• **EXERCISE INSTRUCTIONS**
Go through the data from its first line and retype each line, stopping once the line containing "Relax with the" has been retyped.

• **INPUT DATA**
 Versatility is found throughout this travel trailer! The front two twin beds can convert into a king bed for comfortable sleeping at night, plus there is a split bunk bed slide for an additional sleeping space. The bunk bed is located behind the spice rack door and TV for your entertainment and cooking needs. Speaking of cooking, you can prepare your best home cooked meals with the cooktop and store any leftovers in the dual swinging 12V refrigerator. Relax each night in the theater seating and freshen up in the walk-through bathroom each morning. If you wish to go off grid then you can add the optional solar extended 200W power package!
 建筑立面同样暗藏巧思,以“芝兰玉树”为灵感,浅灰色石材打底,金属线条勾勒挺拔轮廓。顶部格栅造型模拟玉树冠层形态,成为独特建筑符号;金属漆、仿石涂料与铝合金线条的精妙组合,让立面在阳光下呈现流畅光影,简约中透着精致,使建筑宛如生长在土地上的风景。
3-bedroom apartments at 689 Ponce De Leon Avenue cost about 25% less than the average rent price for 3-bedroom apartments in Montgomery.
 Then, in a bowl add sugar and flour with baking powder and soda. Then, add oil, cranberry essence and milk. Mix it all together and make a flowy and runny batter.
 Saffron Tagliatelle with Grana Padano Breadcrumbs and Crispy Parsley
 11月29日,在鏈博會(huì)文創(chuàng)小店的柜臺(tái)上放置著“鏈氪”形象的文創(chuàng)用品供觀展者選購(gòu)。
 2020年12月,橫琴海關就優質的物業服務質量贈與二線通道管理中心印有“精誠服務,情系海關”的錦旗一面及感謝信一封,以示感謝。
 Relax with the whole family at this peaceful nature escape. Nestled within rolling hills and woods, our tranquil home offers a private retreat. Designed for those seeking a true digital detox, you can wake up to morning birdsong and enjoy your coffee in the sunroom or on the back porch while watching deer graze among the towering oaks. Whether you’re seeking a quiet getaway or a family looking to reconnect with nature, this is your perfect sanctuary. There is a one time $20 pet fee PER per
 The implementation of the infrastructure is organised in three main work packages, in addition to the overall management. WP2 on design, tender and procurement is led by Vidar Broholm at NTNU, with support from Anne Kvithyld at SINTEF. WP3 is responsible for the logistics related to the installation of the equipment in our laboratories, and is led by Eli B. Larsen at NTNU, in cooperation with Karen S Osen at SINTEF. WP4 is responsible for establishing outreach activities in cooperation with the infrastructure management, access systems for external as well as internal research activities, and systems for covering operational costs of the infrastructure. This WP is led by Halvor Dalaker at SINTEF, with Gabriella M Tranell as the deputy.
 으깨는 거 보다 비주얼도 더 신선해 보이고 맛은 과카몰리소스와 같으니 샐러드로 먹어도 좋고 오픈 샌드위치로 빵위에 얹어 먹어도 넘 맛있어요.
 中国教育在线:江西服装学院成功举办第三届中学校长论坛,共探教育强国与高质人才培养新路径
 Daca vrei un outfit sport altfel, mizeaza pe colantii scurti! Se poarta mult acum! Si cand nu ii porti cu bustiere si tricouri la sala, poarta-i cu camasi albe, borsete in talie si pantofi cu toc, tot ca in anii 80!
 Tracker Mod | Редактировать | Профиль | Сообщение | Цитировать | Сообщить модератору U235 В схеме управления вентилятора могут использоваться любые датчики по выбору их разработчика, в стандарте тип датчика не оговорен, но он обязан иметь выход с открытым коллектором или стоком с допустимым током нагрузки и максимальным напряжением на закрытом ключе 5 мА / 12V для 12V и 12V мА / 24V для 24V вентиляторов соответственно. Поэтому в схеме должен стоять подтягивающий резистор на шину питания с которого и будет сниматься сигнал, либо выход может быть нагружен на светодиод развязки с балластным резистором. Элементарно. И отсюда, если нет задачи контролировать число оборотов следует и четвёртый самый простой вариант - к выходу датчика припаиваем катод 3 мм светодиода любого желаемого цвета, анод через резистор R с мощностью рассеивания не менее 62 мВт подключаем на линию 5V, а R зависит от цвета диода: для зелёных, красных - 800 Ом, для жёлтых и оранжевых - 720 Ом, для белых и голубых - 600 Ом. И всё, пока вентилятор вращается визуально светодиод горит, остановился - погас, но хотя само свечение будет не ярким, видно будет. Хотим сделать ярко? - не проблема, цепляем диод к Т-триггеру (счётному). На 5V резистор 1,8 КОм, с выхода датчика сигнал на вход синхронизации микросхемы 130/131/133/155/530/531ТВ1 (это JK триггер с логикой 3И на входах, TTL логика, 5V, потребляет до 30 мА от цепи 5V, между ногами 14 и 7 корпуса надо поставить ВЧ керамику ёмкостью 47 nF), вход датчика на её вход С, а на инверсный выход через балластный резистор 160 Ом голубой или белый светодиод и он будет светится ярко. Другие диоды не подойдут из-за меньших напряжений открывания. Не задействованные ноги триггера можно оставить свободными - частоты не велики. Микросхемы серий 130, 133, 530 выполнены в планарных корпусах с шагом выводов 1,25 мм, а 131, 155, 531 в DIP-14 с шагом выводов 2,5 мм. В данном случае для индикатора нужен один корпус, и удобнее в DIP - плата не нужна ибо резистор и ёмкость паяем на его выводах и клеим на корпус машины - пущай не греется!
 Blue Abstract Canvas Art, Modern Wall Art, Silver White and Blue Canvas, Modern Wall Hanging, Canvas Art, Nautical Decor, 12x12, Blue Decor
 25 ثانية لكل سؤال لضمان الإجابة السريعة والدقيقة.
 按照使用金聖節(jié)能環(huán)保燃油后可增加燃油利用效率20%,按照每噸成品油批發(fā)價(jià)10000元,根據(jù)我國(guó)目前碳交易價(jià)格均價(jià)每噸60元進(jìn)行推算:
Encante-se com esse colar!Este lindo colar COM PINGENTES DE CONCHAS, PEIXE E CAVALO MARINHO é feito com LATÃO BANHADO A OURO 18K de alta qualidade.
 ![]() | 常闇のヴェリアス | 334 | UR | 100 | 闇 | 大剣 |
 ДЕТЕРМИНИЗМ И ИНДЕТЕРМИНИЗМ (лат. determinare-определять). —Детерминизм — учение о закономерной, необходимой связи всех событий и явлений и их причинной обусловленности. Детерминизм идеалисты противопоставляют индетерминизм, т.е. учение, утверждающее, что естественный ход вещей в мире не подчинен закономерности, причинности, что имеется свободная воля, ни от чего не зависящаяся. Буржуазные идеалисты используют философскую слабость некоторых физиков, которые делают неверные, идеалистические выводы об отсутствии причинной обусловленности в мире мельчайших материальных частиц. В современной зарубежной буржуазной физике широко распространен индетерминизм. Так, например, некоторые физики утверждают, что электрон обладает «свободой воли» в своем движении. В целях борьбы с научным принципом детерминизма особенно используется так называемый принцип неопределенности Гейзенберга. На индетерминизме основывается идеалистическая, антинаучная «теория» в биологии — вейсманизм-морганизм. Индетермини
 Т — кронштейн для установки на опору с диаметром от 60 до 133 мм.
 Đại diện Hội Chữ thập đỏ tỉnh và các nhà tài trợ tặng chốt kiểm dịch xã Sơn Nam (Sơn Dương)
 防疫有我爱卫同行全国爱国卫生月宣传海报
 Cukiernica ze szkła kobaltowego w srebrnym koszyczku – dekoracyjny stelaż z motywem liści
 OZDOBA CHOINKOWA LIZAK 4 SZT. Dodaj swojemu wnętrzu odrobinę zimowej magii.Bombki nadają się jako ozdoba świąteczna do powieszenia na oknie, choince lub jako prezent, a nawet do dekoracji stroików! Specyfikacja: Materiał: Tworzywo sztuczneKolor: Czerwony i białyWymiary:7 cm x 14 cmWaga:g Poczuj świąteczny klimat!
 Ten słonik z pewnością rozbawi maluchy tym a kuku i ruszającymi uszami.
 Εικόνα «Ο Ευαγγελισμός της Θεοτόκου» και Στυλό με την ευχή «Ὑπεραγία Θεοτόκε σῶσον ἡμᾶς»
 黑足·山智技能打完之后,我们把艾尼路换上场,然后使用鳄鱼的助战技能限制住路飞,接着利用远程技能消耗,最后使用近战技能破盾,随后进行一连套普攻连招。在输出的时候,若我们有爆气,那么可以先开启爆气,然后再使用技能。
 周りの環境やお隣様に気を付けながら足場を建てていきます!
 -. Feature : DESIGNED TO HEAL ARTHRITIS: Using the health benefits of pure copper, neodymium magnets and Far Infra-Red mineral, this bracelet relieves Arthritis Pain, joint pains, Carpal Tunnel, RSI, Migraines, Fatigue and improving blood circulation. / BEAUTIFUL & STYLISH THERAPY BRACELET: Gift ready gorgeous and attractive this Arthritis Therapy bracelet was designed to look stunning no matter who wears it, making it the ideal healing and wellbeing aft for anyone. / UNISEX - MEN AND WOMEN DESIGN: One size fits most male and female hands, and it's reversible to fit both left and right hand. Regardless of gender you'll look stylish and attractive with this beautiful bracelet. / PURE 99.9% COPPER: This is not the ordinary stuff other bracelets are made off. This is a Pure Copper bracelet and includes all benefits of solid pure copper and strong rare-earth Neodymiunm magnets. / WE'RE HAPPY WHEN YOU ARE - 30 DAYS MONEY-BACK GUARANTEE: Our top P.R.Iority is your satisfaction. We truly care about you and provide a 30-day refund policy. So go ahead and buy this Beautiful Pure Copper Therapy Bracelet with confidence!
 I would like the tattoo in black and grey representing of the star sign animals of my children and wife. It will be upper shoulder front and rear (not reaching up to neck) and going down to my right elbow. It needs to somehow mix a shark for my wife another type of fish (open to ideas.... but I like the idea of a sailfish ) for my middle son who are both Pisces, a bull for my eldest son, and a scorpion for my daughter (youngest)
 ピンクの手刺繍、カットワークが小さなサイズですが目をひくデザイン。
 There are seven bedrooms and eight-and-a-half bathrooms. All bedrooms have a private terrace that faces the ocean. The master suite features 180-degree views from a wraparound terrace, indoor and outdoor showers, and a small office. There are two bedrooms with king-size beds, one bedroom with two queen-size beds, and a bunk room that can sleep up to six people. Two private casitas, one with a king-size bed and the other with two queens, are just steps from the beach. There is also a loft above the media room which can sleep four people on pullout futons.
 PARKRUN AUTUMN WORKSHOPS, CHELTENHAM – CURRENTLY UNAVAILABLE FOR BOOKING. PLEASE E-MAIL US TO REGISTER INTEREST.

• **REPLY**
 Versatility is found throughout this travel trailer! The front two twin beds can convert into a king bed for comfortable sleeping at night, plus there is a split bunk bed slide for an additional sleeping space. The bunk bed is located behind the spice rack door and TV for your entertainment and cooking needs. Speaking of cooking, you can prepare your best home cooked meals with the cooktop and store any leftovers in the dual swinging 12V refrigerator. Relax each night in the theater seating and freshen up in the walk-through bathroom each morning. If you wish to go off grid then you can add the optional solar extended 200W power package!
 建筑立面同样暗藏巧思,以“芝兰玉树”为灵感,浅灰色石材打底,金属线条勾勒挺拔轮廓。顶部格栅造型模拟玉树冠层形态,成为独特建筑符号;金属漆、仿石涂料与铝合金线条的精妙组合,让立面在阳光下呈现流畅光影,简约中透着精致,使建筑宛如生长在土地上的风景。
3-bedroom apartments at 689 Ponce De Leon Avenue cost about 25% less than the average rent price for 3-bedroom apartments in Montgomery.
 Then, in a bowl add sugar and flour with baking powder and soda. Then, add oil, cranberry essence and milk. Mix it all together and make a flowy and runny batter.
 Saffron Tagliatelle with Grana Padano Breadcrumbs and Crispy Parsley
 11月29日,在鏈博會(huì)文創(chuàng)小店的柜臺(tái)上放置著“鏈氪”形象的文創(chuàng)用品供觀展者選購(gòu)。
 2020年12月,橫琴海關就優質的物業服務質量贈與二線通道管理中心印有“精誠服務,情系海關”的錦旗一面及感謝信一封,以示感謝。
 Relax with the whole family at this peaceful nature escape. Nestled within rolling hills and woods, our tranquil home offers a private retreat. Designed for those seeking a true digital detox, you can wake up to morning birdsong and enjoy your coffee in the sunroom or on the back porch while watching deer graze among the towering oaks. Whether you’re seeking a quiet getaway or a family looking to reconnect with nature, this is your perfect sanctuary. There is a one time $20 pet fee PER per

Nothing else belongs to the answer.